**What you are asked to do**
Would you retype the listing word for word, skipping its pictures?

-*-*-

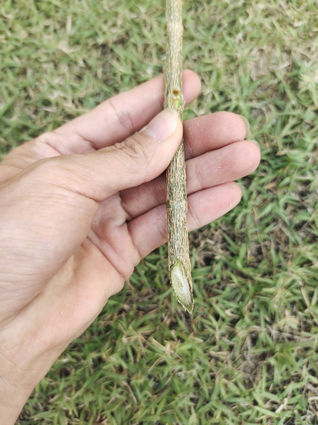 10/2/69 เลือกกิ่งที่ไม่แก่และไม่อ่อนจนเกินไปและไม่มีดอก ตัดกิ่งให้มีความยาวประมาณ 6-8 นิ้ว (ควรตัดใต้ข้อใบ) และตัดเฉียง ริดใบด้านล่างออก ให้เหลือไว้เพียง 2-3 ใบด้านบน เพื่อลดการคายน้ำ
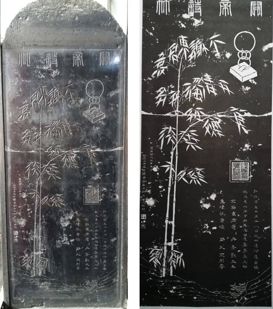 碑林除了有这些很严肃、非常有艺术价值的碑,也有一些小清新。比如这个碑叫《关帝诗竹》,这就是蛮有趣的。据说是明代的时候挖大运河挖出了这个印章,印章上有几个字:汉寿亭侯之印,这是关羽的印,然后说旁边这个竹子是关羽写的四句诗:不谢东君意,丹青独立名;莫嫌孤叶淡,终究不凋零。这个翻刻本极多,改造本也极多,但是我们这是祖本——康熙本。
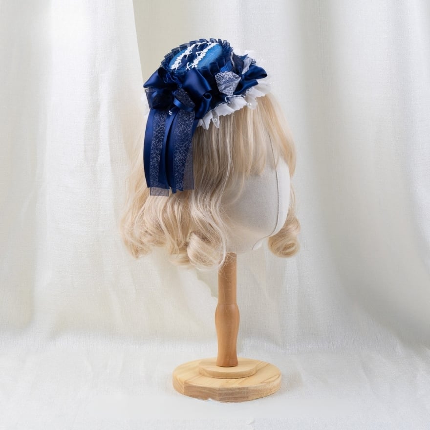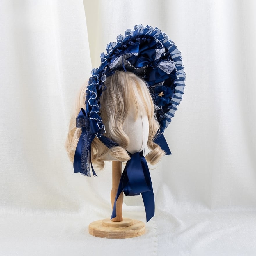 ネイビーの重なりフリルとリボン、繊細なレース使いが特徴で、お茶会や撮影会コーデに最適です。顔まわりをぐるりと包むように華やかさが出るので、ワンピースに合わせた瞬間、コーデ全体の物語感が一段深まります。
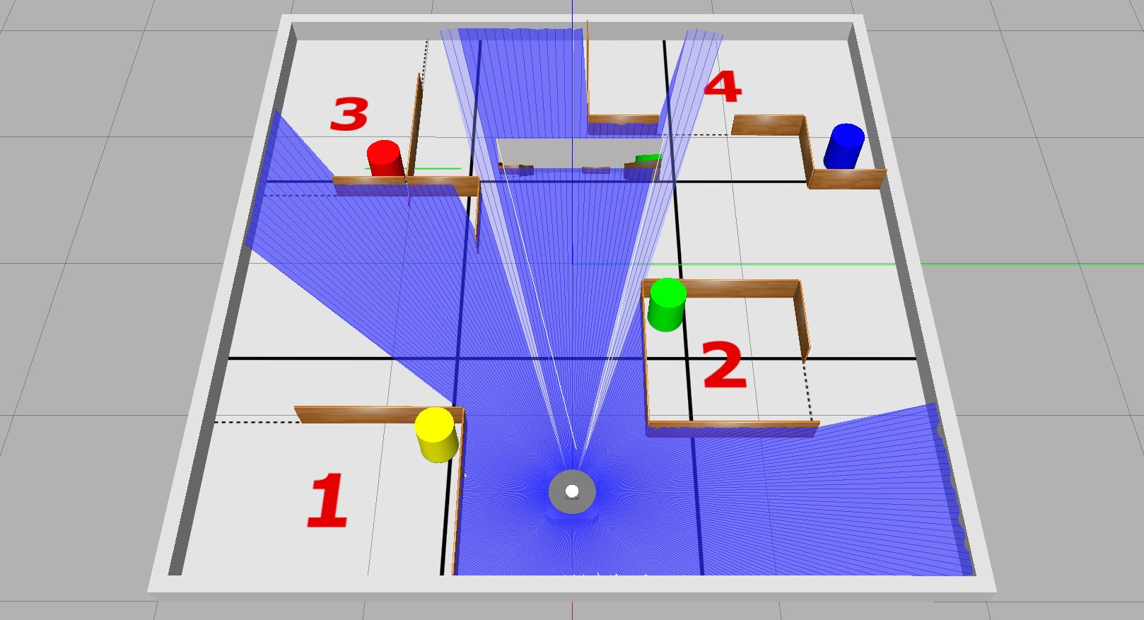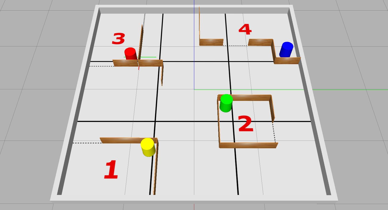- In addition to this, the robot will need to try to explore the four rooms that will also be present in the arena. There will be marks available not only for the number of rooms that the robot manages to explore, but also the speed at which it manages to explore them all (see the marking section below for more details).
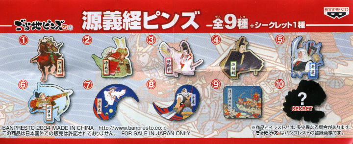 源義経ピンズ 全9種類+シークレット (各¥100) 発売元ご当地ピンズ (05年全種類ゲット) 京都、岩手平泉、下関など、 義経ゆかりの地の売店に置いてる 源平キャラのレアなピンズ。 気になるシークレットは、 幼少期の牛若がお世話になった 鞍馬在住?のあの御方ですよー。 |
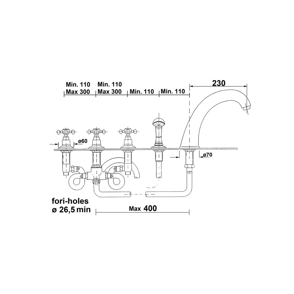 A kád szélén lévő csaptelepek bármilyen akril kádra felhelyezhetők, amelynek éle kellően széles. A csaptelep, a kifolyó és a zuhany egyben vagy külön-külön is felszerelhető bárhol a kád szélére (flexibilis csatlakozás tömlőkkel). Kombinálhatja a csaptelepeket kifolyós töltéssel, túlfolyóval vagy zuhannyal a kád szélén.
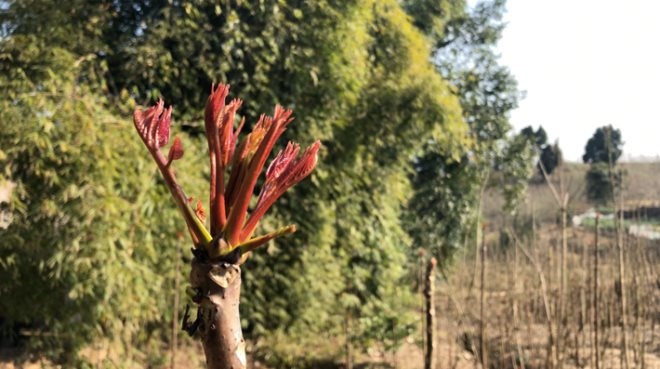 在大竹縣椿芽直采基地,香椿樹已出芽
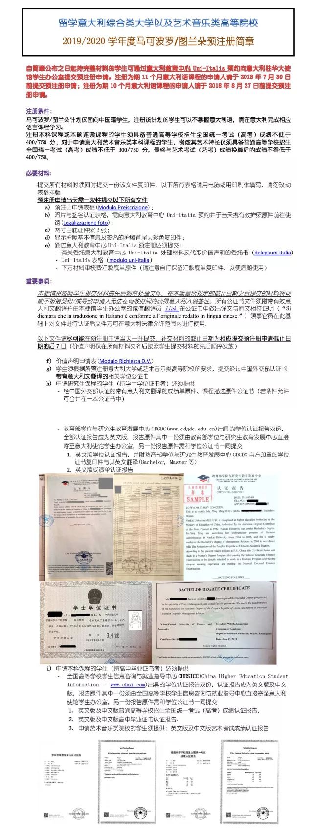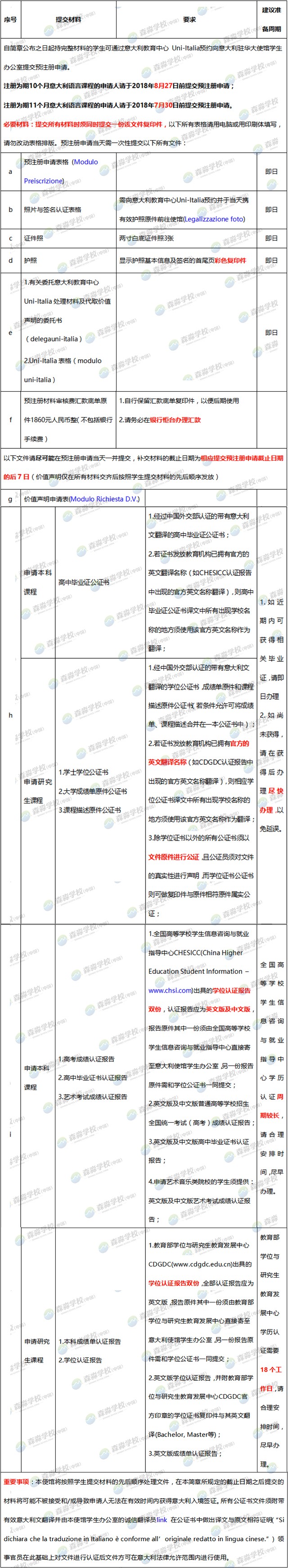 继2018/2019意大利国际生北京、广州和重庆三个领区留学政策发布之后,上海领区的预注册指南也于近日公布!以下为本年度的预注册指南: 根据以上意大利驻上海领事馆公布的2018/2019国际生上海领区政策指南,森淼学校资深专家进行了新旧政策深入对比,希望为广大考生提供更专业的意大利留学政策分析。 新旧政策深入对比 为了帮助更多同学准备好2018/2019意大利国际生上海领区预注册申请,淼淼特别精心做了一个材料准备攻略,请大家仔细观看,速速着手准备起来。根据历史情况表明,越早准备材料,后期应对调整更从容,也避免了很多意外情况的发生。 森淼TIPS ▶ 预注册申请一旦提交,将不得修改申请表上任何有关申请的大学/学院的信息; ▶ 本领馆仅接收户口所在地属于本领馆领区范围内学生的预注册申请,领区管辖范围为上海、安徽、江苏和浙江。根据户口所在地确定所属领区; ▶ 提交预注册申请当日仍未满18周岁的学生,预注册当天须由父母一方陪同, 提交经外办认证的父母双方同意书公证和亲属关系公证原件; ▶ 已持有价值声明的学生须将该价值声明的原件在申请预注册时一并提交; ▶ 以往参加过预注册的学生须重新提交预注册申请表格和照片认证表格,重新申请价值声明,而相关学位、成绩单、课程描述公证书可再次使用; ▶ 所有申请夏季预注册意大利语课程的学生,除毕业于意大利语专业的学生以外,必须拥有意大利语语言水平证书; ▶ 注册英语授课课程的学生必须提英语等级证书,同时还须提供由意大利大学、学院出具的相关证明,证明该课程为英语授课课程; ▶ 请务必在银行柜台办理服务费汇款,保留纸质回折,建议保留电子扫描件以防再次需要; ▶ 所有材料需尽早准备,以避免由于审核机关的周期限制所带来的延误。如有必要,办理加急业务;

-*-*-

**Problem solution**
 10/2/69 เลือกกิ่งที่ไม่แก่และไม่อ่อนจนเกินไปและไม่มีดอก ตัดกิ่งให้มีความยาวประมาณ 6-8 นิ้ว (ควรตัดใต้ข้อใบ) และตัดเฉียง ริดใบด้านล่างออก ให้เหลือไว้เพียง 2-3 ใบด้านบน เพื่อลดการคายน้ำ
 碑林除了有这些很严肃、非常有艺术价值的碑,也有一些小清新。比如这个碑叫《关帝诗竹》,这就是蛮有趣的。据说是明代的时候挖大运河挖出了这个印章,印章上有几个字:汉寿亭侯之印,这是关羽的印,然后说旁边这个竹子是关羽写的四句诗:不谢东君意,丹青独立名;莫嫌孤叶淡,终究不凋零。这个翻刻本极多,改造本也极多,但是我们这是祖本——康熙本。
 ネイビーの重なりフリルとリボン、繊細なレース使いが特徴で、お茶会や撮影会コーデに最適です。顔まわりをぐるりと包むように華やかさが出るので、ワンピースに合わせた瞬間、コーデ全体の物語感が一段深まります。
- In addition to this, the robot will need to try to explore the four rooms that will also be present in the arena. There will be marks available not only for the number of rooms that the robot manages to explore, but also the speed at which it manages to explore them all (see the marking section below for more details).
 源義経ピンズ 全9種類+シークレット (各¥100) 発売元ご当地ピンズ (05年全種類ゲット) 京都、岩手平泉、下関など、 義経ゆかりの地の売店に置いてる 源平キャラのレアなピンズ。 気になるシークレットは、 幼少期の牛若がお世話になった 鞍馬在住?のあの御方ですよー。 |
 A kád szélén lévő csaptelepek bármilyen akril kádra felhelyezhetők, amelynek éle kellően széles. A csaptelep, a kifolyó és a zuhany egyben vagy külön-külön is felszerelhető bárhol a kád szélére (flexibilis csatlakozás tömlőkkel). Kombinálhatja a csaptelepeket kifolyós töltéssel, túlfolyóval vagy zuhannyal a kád szélén.
 在大竹縣椿芽直采基地,香椿樹已出芽
 继2018/2019意大利国际生北京、广州和重庆三个领区留学政策发布之后,上海领区的预注册指南也于近日公布!以下为本年度的预注册指南: 根据以上意大利驻上海领事馆公布的2018/2019国际生上海领区政策指南,森淼学校资深专家进行了新旧政策深入对比,希望为广大考生提供更专业的意大利留学政策分析。 新旧政策深入对比 为了帮助更多同学准备好2018/2019意大利国际生上海领区预注册申请,淼淼特别精心做了一个材料准备攻略,请大家仔细观看,速速着手准备起来。根据历史情况表明,越早准备材料,后期应对调整更从容,也避免了很多意外情况的发生。 森淼TIPS ▶ 预注册申请一旦提交,将不得修改申请表上任何有关申请的大学/学院的信息; ▶ 本领馆仅接收户口所在地属于本领馆领区范围内学生的预注册申请,领区管辖范围为上海、安徽、江苏和浙江。根据户口所在地确定所属领区; ▶ 提交预注册申请当日仍未满18周岁的学生,预注册当天须由父母一方陪同, 提交经外办认证的父母双方同意书公证和亲属关系公证原件; ▶ 已持有价值声明的学生须将该价值声明的原件在申请预注册时一并提交; ▶ 以往参加过预注册的学生须重新提交预注册申请表格和照片认证表格,重新申请价值声明,而相关学位、成绩单、课程描述公证书可再次使用; ▶ 所有申请夏季预注册意大利语课程的学生,除毕业于意大利语专业的学生以外,必须拥有意大利语语言水平证书; ▶ 注册英语授课课程的学生必须提英语等级证书,同时还须提供由意大利大学、学院出具的相关证明,证明该课程为英语授课课程; ▶ 请务必在银行柜台办理服务费汇款,保留纸质回折,建议保留电子扫描件以防再次需要; ▶ 所有材料需尽早准备,以避免由于审核机关的周期限制所带来的延误。如有必要,办理加急业务;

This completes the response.